宇佐神宮の託宣集である『八幡宇佐宮託宣集』には、筥崎宮の神託を引いて、「我か宇佐宮より穂浪大分宮は我本宮なり」とあり、筑前国穂波郡(現在の福岡県飯塚市)の大分八幡宮が宇佐神宮の本宮であり、筥崎宮の元宮であるとある。宇佐神宮の元宮は、福岡県築上郡築上町にある矢幡八幡宮(現金富神社)であるとする説や、大分県中津市薦神社(こもじんじゃ)も元宮として有力視されている。

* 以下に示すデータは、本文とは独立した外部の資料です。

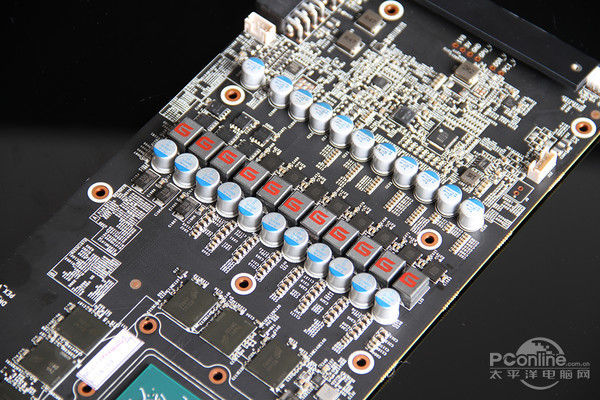 耕升GTX 1070 Ti G魂极客版显卡的PWM电路设想很奢华,GPU焦点为8相供电,显存2相供电,I/O电路零丁1相供电,合计11相,大量利用了全固态电容、聚合物电容以及G魂电感以及IR355M DrMOS,最大电流可达60A,共同加强的双8pin供电,理论上能够帮帮玩家提拔超频能力。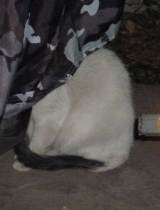 12.バイクカバーに隠れる。ここもフーちゃんの指定席の一か所。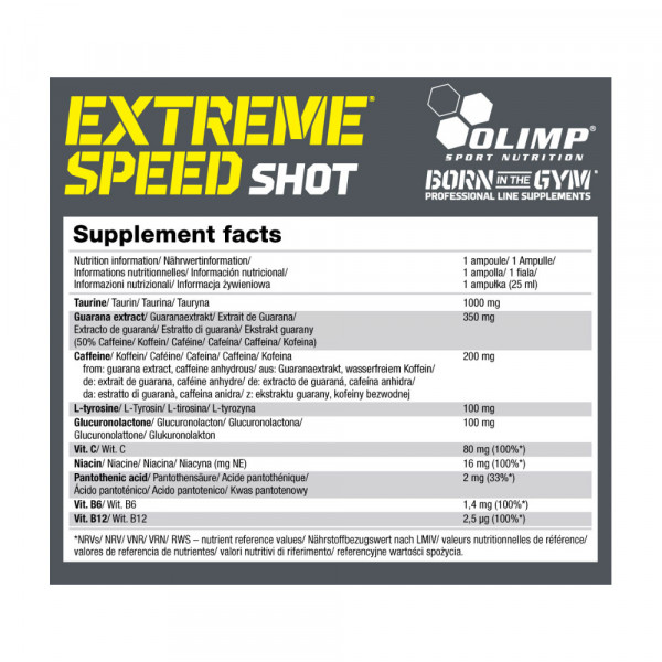 La caja Extreme speed shot (9X25ml) contiene 9 shots pre-entrenamiento, cada uno de 25ml, de la famosa marca Olimp Sport Nutrition.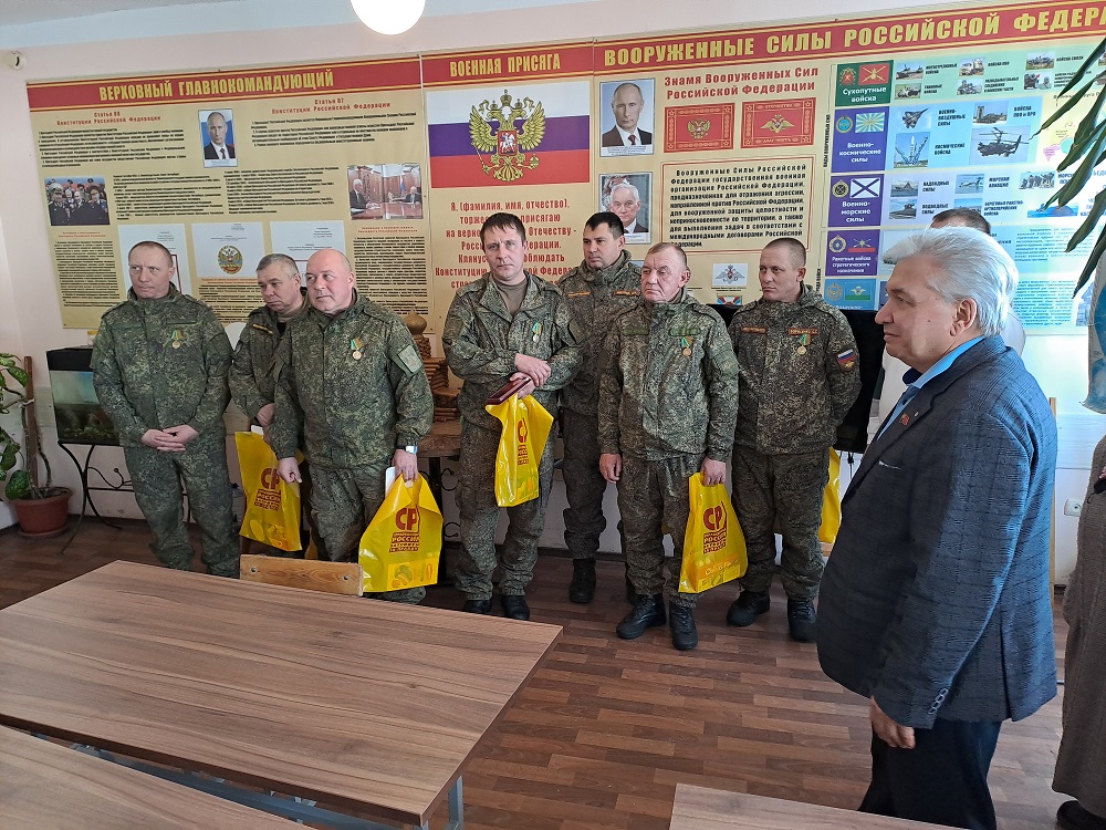 Заместитель председателя Парламента Кузбасса, председатель регионального отделения партии СПРАВЕДЛИВАЯ РОССИЯ Юрий Скворцов провёл встречу с военнослужащими 120-й гвардейской артиллерийской бригады и 74-й отдельной гвардейской мотострелковой бригады, которые задействованы в доставке гуманитарной помощи в зону специальной военной операции.

568年(欽明天皇29年)、大神比義命(おおがの ひぎの みこと)が勅命を受けて豊国豊日別)に入り、宇佐神宮の創祀に関わったとされている。

また、社伝等によれば、欽明天皇32年(571年?)、宇佐郡厩峯と菱形池の間に鍛冶翁(かじおう)降り立ち、大神比義(おおがのひき)が祈ると三才童児となり、「我は、譽田天皇廣幡八幡麻呂(註:応神天皇のこと)、護国霊験の大菩薩」と託宣があったとある。宇佐神宮をはじめとする八幡宮の大部分が応神天皇(誉田天皇)を祭神とするのはそのためと考えられる。


当社南に立つ御許山山頂には奥宮として3つの巨石を祀る大元神社があり、豪族宇佐氏磐座信仰が当初の形態であろうともいわれている。そこに、辛嶋氏比売大神信仰を持ち込んだと考えられるが、古来からのヒメヒコ文化も考えあわせればヒメガミ信仰は当時には当然のことであったと考えられる。辛嶋氏は後に宇佐辛嶋郷に住み、辛嶋郷周辺に稲積六神社(いなずみろく、稲積神社とも)、乙咩神社(おとめ)、さらに酒井泉神社、郡瀬神社(ごうぜ。昔は瀬社とも)と社殿を建築した。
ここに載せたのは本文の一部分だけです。